** MATERIAL PROVIDED **
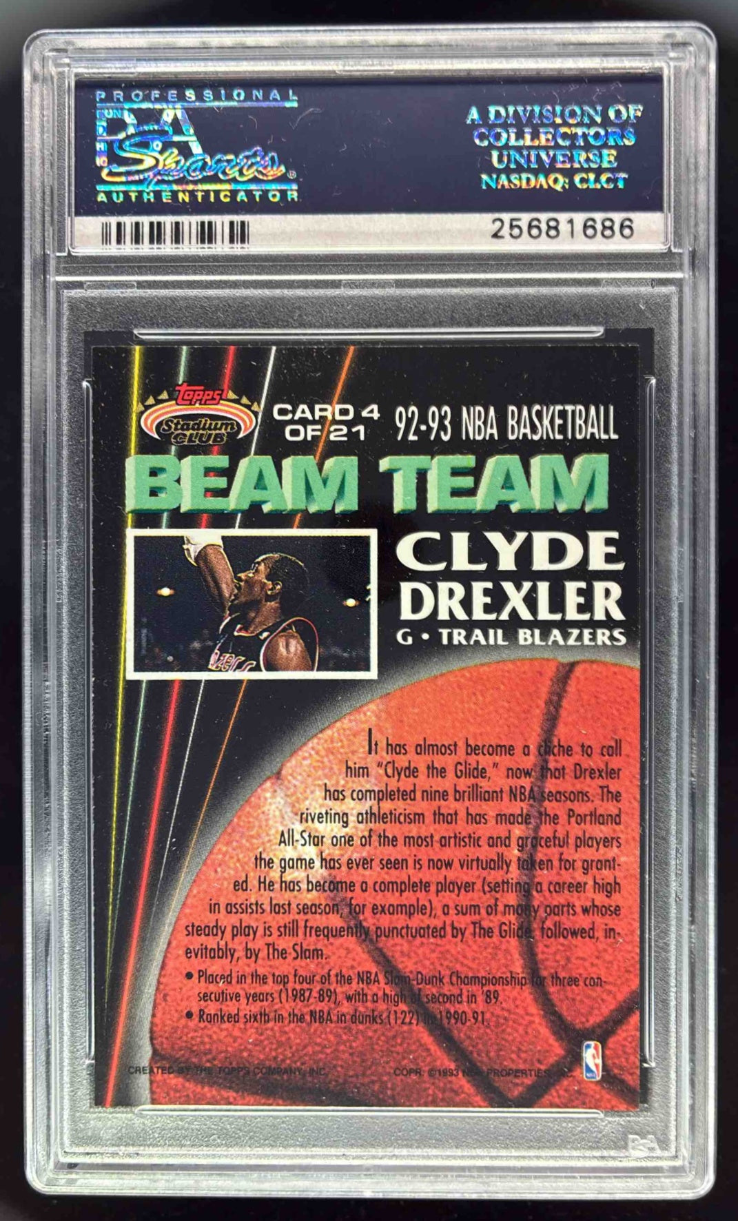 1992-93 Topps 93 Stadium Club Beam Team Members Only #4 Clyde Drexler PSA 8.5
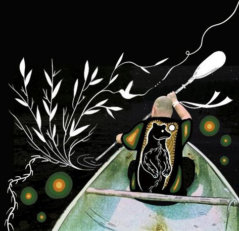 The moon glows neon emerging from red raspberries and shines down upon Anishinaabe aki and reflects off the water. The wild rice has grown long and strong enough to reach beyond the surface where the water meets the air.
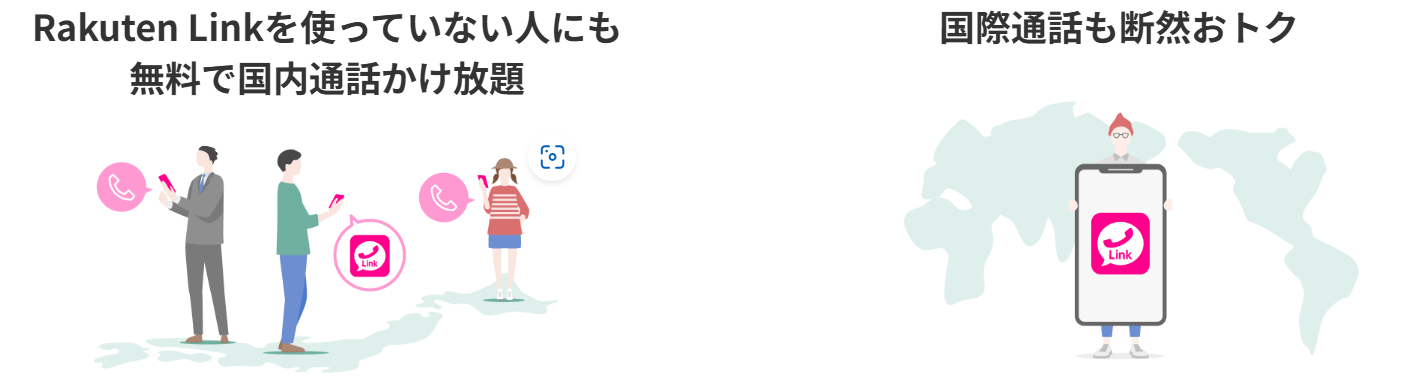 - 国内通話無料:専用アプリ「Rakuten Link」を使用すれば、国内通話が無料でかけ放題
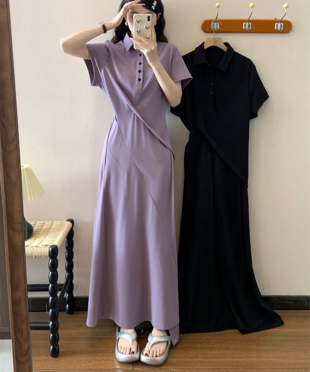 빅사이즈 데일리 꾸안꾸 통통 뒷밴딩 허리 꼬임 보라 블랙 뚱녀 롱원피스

---

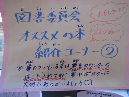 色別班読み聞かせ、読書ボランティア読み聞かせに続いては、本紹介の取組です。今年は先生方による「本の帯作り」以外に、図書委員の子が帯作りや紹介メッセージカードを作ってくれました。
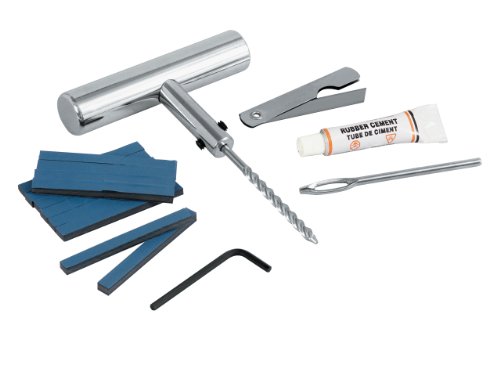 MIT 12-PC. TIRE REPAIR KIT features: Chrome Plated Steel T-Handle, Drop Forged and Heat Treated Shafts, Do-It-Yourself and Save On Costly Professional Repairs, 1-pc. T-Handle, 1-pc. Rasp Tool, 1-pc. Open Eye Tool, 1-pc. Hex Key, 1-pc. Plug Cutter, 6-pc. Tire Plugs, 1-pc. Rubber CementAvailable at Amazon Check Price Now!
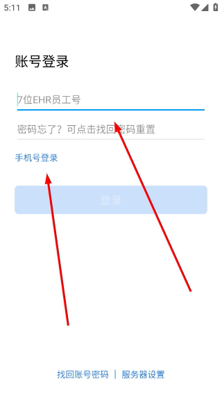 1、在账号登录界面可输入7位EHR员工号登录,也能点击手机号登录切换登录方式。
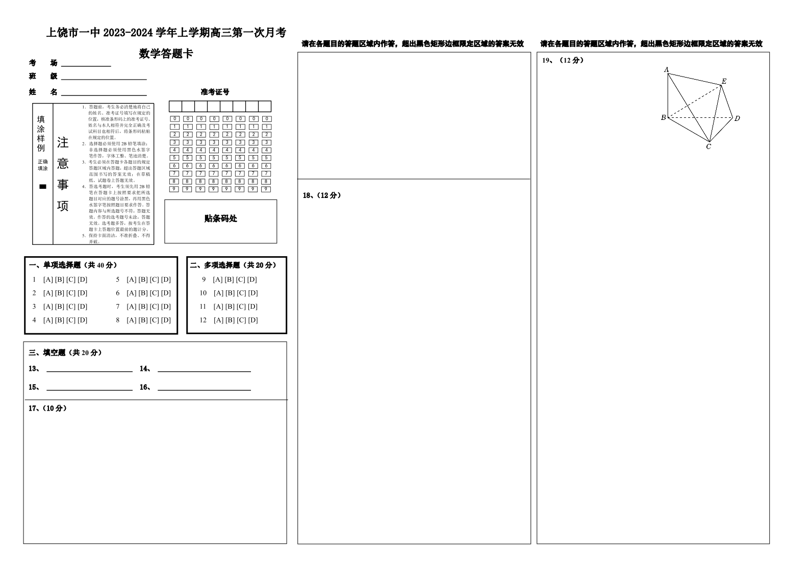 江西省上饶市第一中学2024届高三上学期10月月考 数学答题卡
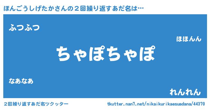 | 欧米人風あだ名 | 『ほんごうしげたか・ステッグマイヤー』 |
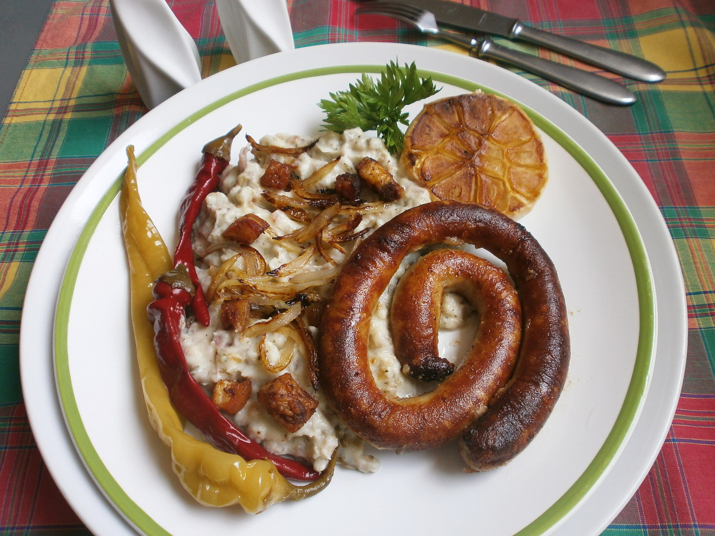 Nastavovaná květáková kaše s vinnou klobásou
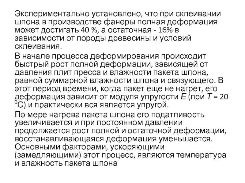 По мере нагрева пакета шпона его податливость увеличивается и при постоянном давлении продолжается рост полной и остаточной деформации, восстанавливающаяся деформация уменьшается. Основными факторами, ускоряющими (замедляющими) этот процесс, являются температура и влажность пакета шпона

...

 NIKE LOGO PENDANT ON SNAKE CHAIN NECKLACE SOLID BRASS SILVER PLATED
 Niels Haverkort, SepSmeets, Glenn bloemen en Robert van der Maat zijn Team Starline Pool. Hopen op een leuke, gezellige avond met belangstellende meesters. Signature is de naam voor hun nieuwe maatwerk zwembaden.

** HOW TO COMPLETE THIS TASK **
Using the listing above, restate exactly the range between the lines holding "1992-93 Topps 93" and "빅사이즈 데일리 꾸안꾸 통통 뒷밴딩 허리 꼬임 보라 블랙 뚱녀 롱원피스", inclusive, with pictures left out.

** RESPONSE BOX **
 1992-93 Topps 93 Stadium Club Beam Team Members Only #4 Clyde Drexler PSA 8.5
 The moon glows neon emerging from red raspberries and shines down upon Anishinaabe aki and reflects off the water. The wild rice has grown long and strong enough to reach beyond the surface where the water meets the air.
 - 国内通話無料:専用アプリ「Rakuten Link」を使用すれば、国内通話が無料でかけ放題
 빅사이즈 데일리 꾸안꾸 통통 뒷밴딩 허리 꼬임 보라 블랙 뚱녀 롱원피스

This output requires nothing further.